(INFORMATION Opens)

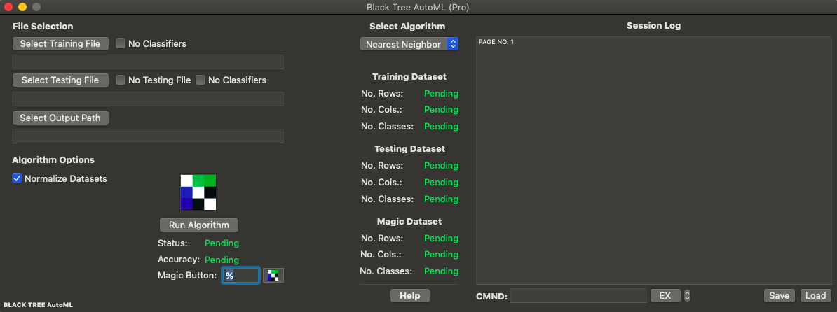 2. A Professional Version for $199, per user per year, that includes basically my entire library, and a Session Log that allows you to see the history of what you’ve done, save and load a prior session, and also inspect and operate on the dataset through commands entered into the GUI (see “CMND:”, below the Session Log screen, in the picture below). The actual A.I. code will run in Octave for the Pro Version, which means the runtimes are the same as my A.I. library, allowing for basically instant solutions to all core problems in deep learning, including prediction, clustering, image classification, video classification, object tracking, anomaly detection, time-series analysis, etc., though with the ease of a GUI written in Swift. The basic animating principle is to allow bright people that don’t know how to code, to execute sophisticated A.I. algorithms, in an interface comparable to Excel in complexity, and to allow actual data scientists to basically dispense with all routine tasks in deep learning. Though not finalized, this is roughly what both versions will look like when it’s done:
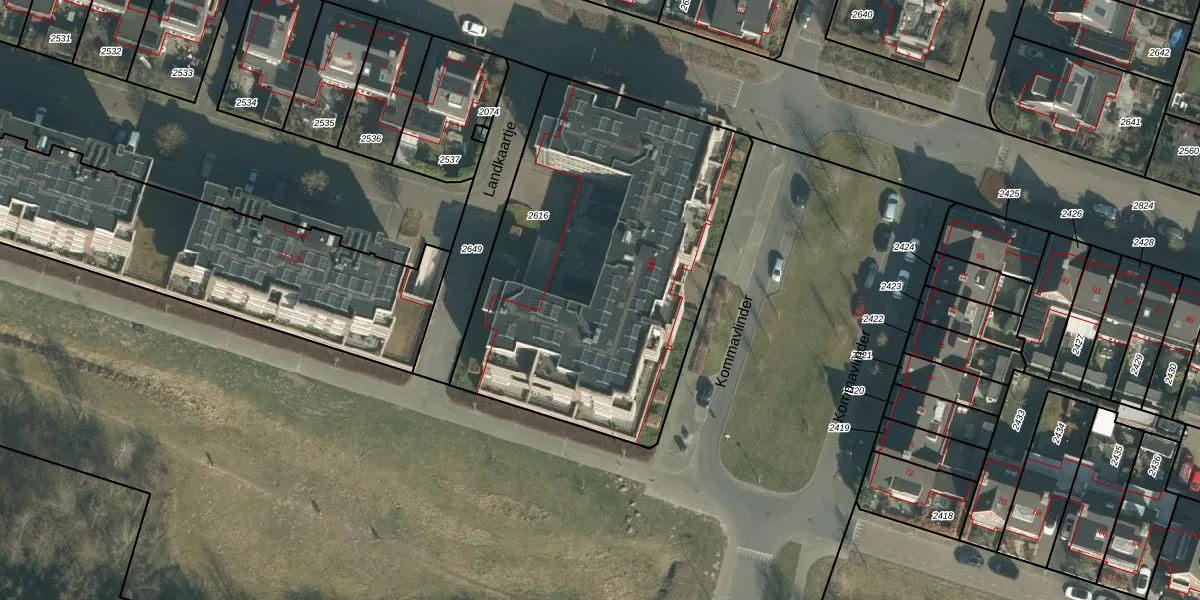 Kommavlinder 45 is gelegen op kadastraal perceel OTH01P2616. Deze kadastrale aanduiding is uniek en wordt gebruikt door het Kadaster om eigendomsrechten en andere zakelijke rechten vast te leggen. Het perceel maakt onderdeel uit van de kadastrale gemeente Oosterhout.
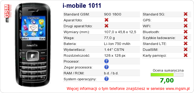 Dane telefonu i-mobile 1011 na Twojej stronie
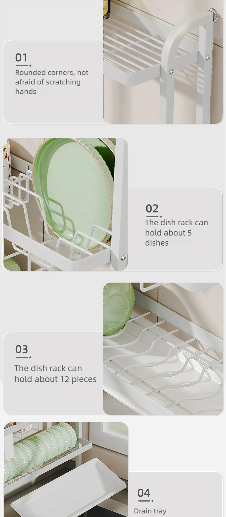 Kitchen Three Tier Dish Drainer Multifunctional Dinnerware Knives Chopsticks Cups Storage Rack Household Countertops Organizer
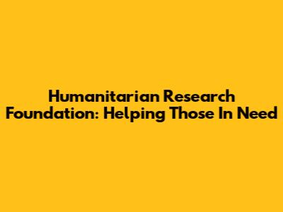 Humanitarian Research Foundation: Helping Those In Need
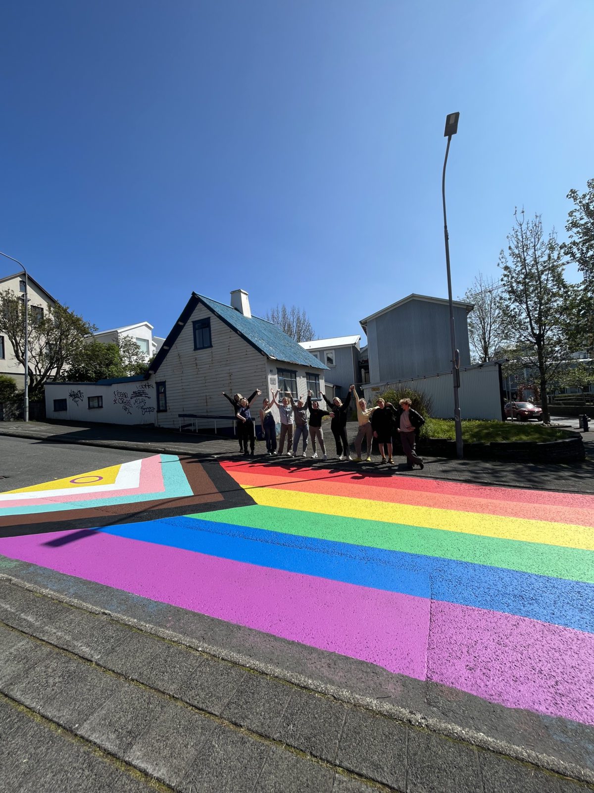 Listahópur vinnuskólans lauk við að mála pride fánann á Linnetsstíginn í gær.
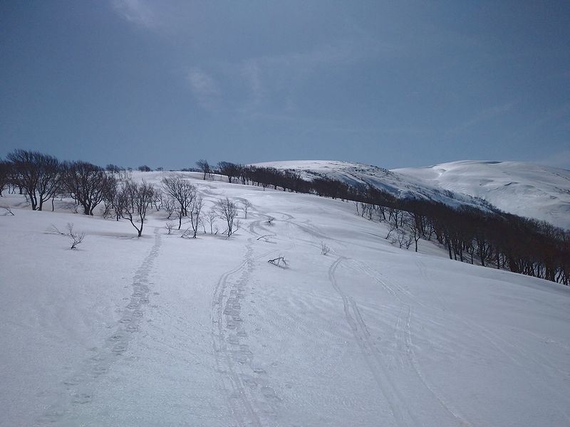 山頂で、風の通らないブッシュの下で昼食とし、とりあえず早坂尾根を滑走開始した。左沢源頭まで滑走し、しばらく登り返していたが、Y君が痙攣をおこし始めたという事で、そのまま再び滑走し林道を経由して元に戻った。
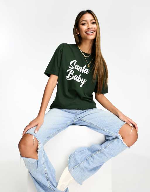 In The Style - T-shirt natalizia verde smeraldo con motivo "Santa Baby"
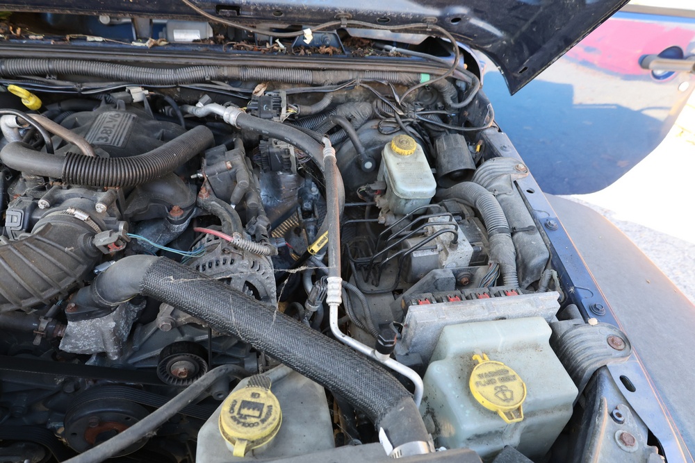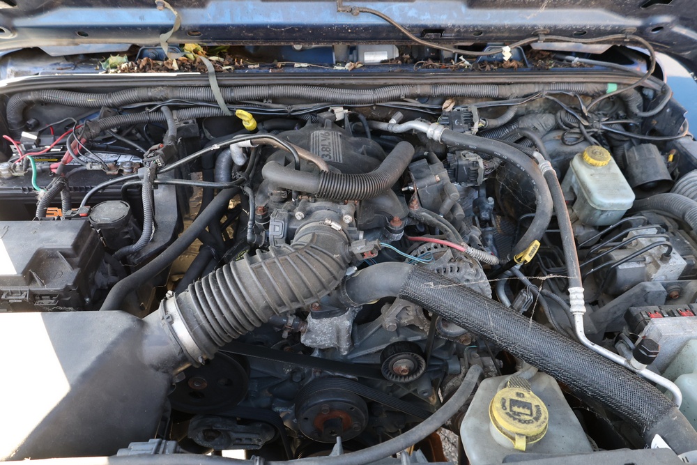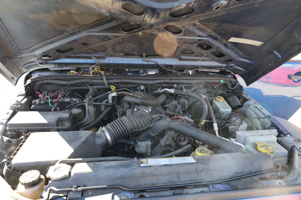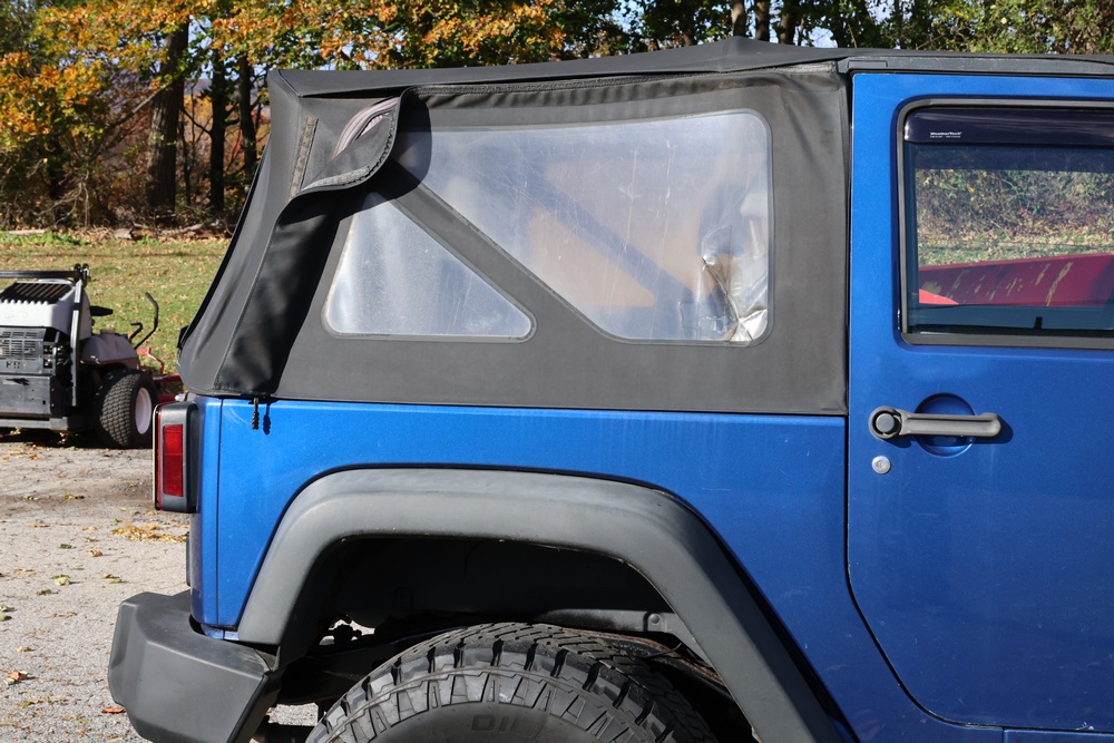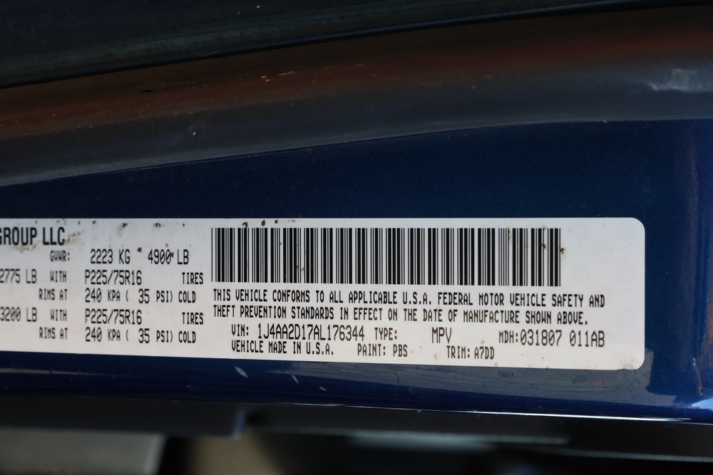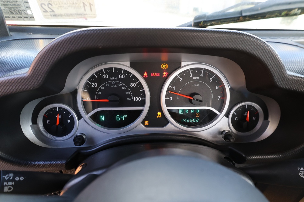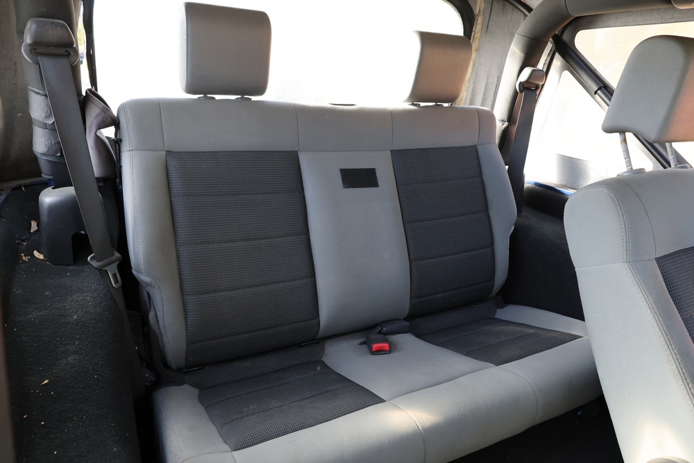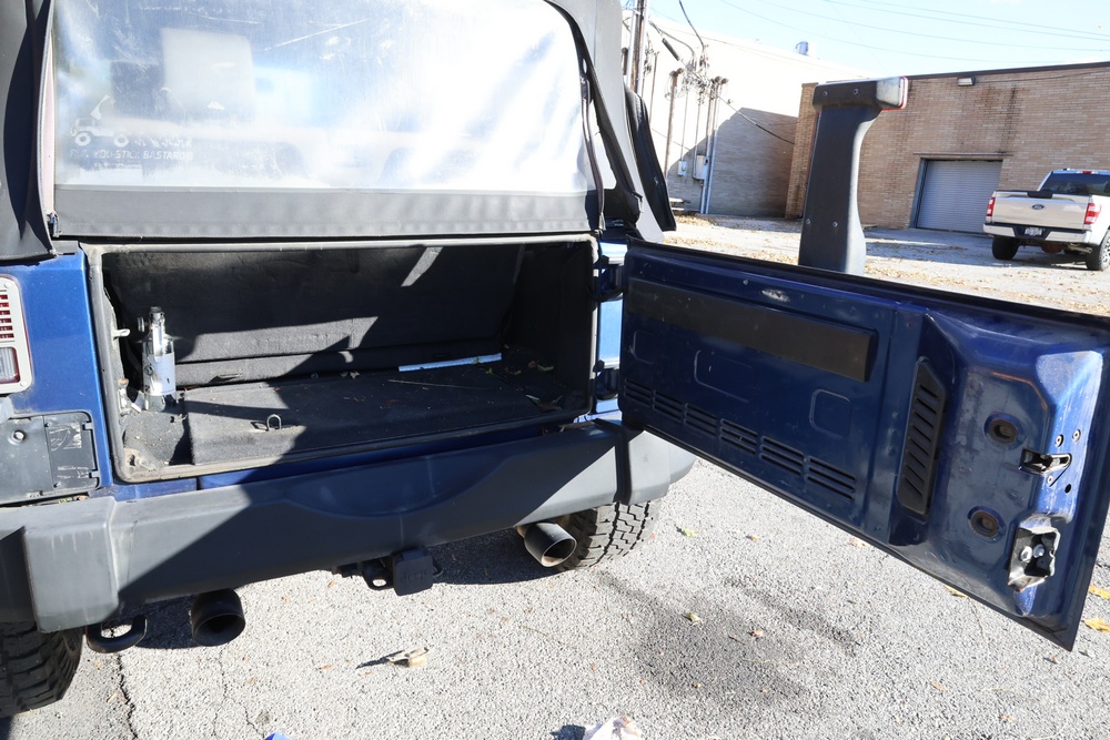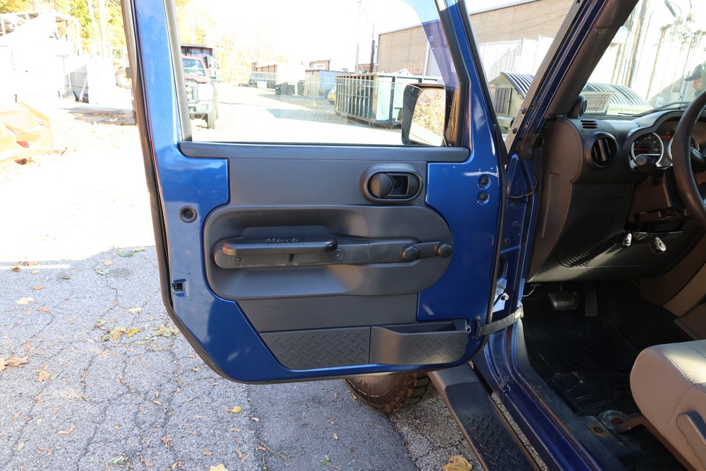 2010 Jeep Wrangler Sport 4x4 two-door SUV with automatic transmission. VIN: 1J4AA2D17AL176344. Odometer reading: 145,502. Exterior: Blue with black aftermarket front bumper, hood latches, soft top, light bar, and large off-road tires mounted on black wheels. Interior: Gray and black front bucket seats, center console, automatic shifter, and standard dashboard with factory gauges. Tire size: P225/75R16. Additional equipment includes light bar, custom front bumper with D-rings and fog lights, side steps, and "Trail Rated" and "JK Sport Wrangler" decals. Title and key available. Seller reports: Runs and drives, motor replaced approx. 500 miles ago.

(INFORMATION Closes)

* _EXERCISE AIM_: In the listing above, transcribe exactly the lines from the line containing "In The Style" through the last one, both included, but not the pictures.

* _RESPONSE TO THIS EXERCISE_:
 In The Style - T-shirt natalizia verde smeraldo con motivo "Santa Baby"
 2010 Jeep Wrangler Sport 4x4 two-door SUV with automatic transmission. VIN: 1J4AA2D17AL176344. Odometer reading: 145,502. Exterior: Blue with black aftermarket front bumper, hood latches, soft top, light bar, and large off-road tires mounted on black wheels. Interior: Gray and black front bucket seats, center console, automatic shifter, and standard dashboard with factory gauges. Tire size: P225/75R16. Additional equipment includes light bar, custom front bumper with D-rings and fog lights, side steps, and "Trail Rated" and "JK Sport Wrangler" decals. Title and key available. Seller reports: Runs and drives, motor replaced approx. 500 miles ago.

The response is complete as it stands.